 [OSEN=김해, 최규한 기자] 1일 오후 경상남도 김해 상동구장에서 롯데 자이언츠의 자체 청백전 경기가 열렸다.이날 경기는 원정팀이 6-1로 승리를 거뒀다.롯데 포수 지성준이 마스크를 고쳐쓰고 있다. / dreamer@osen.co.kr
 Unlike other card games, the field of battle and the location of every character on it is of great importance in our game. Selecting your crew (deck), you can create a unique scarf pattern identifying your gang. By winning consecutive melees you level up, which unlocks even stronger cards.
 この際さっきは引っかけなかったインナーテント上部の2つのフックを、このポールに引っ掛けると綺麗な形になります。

---

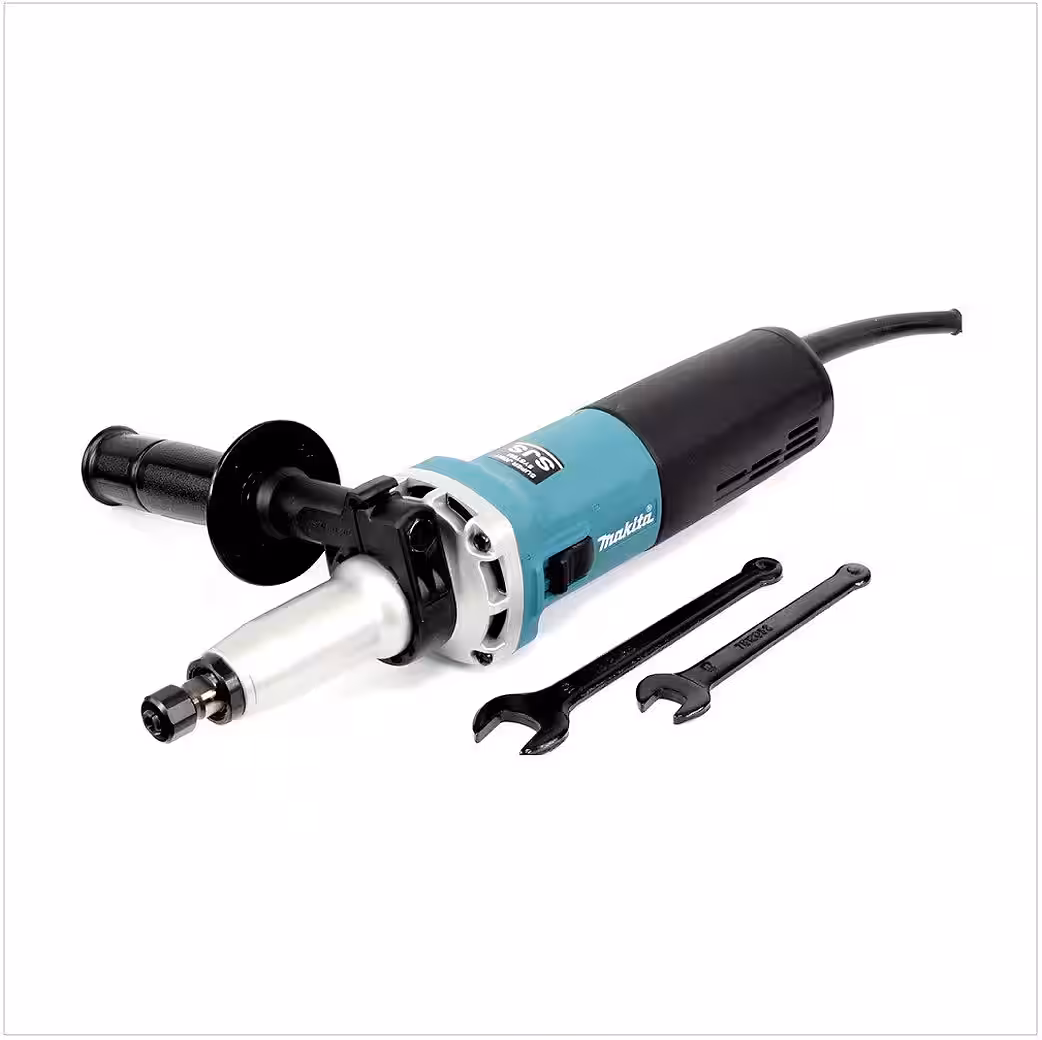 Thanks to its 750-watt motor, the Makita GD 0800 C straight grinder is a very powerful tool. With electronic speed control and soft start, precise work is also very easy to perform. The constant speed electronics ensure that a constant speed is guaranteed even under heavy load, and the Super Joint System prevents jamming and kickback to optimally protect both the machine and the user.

Required action »
Using only the entries above, output the line with "[OSEN=김해, 최규한 기자]", the line with "この際さっきは引っかけなかっ", and all lines between them, exactly as they stand.

Solution to this task »
 [OSEN=김해, 최규한 기자] 1일 오후 경상남도 김해 상동구장에서 롯데 자이언츠의 자체 청백전 경기가 열렸다.이날 경기는 원정팀이 6-1로 승리를 거뒀다.롯데 포수 지성준이 마스크를 고쳐쓰고 있다. / dreamer@osen.co.kr
 Unlike other card games, the field of battle and the location of every character on it is of great importance in our game. Selecting your crew (deck), you can create a unique scarf pattern identifying your gang. By winning consecutive melees you level up, which unlocks even stronger cards.
 この際さっきは引っかけなかったインナーテント上部の2つのフックを、このポールに引っ掛けると綺麗な形になります。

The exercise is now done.